_Description of the task_:
Look below for the line that contains "Kiểu tóc quân", and write out exactly that line and all remaining lines of the listing, omitting pictures.

_Records for processing_:

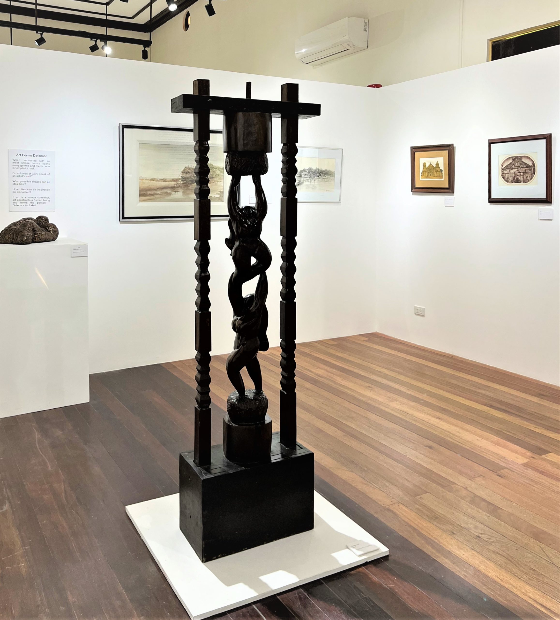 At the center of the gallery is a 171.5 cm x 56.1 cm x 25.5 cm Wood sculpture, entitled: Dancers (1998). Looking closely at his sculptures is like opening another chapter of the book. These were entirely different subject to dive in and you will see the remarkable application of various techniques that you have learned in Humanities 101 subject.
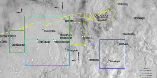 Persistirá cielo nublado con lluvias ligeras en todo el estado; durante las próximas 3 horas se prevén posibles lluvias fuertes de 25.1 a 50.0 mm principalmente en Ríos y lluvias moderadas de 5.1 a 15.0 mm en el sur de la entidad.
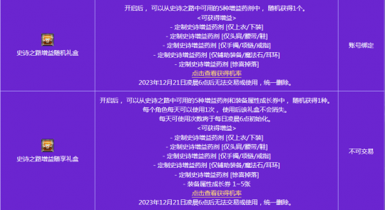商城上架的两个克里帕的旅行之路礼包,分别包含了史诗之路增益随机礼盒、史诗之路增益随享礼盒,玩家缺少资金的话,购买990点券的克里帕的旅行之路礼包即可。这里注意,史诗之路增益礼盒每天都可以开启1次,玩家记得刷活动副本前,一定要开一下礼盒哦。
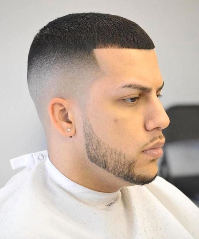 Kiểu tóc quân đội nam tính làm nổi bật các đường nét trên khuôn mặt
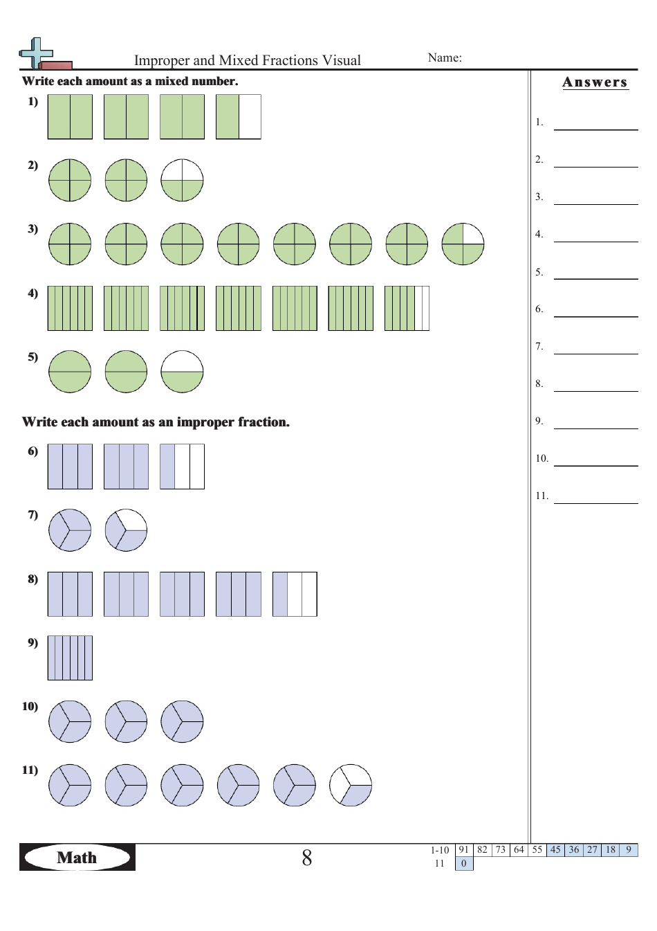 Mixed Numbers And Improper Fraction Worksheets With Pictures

_Response area_:
 Kiểu tóc quân đội nam tính làm nổi bật các đường nét trên khuôn mặt
 Mixed Numbers And Improper Fraction Worksheets With Pictures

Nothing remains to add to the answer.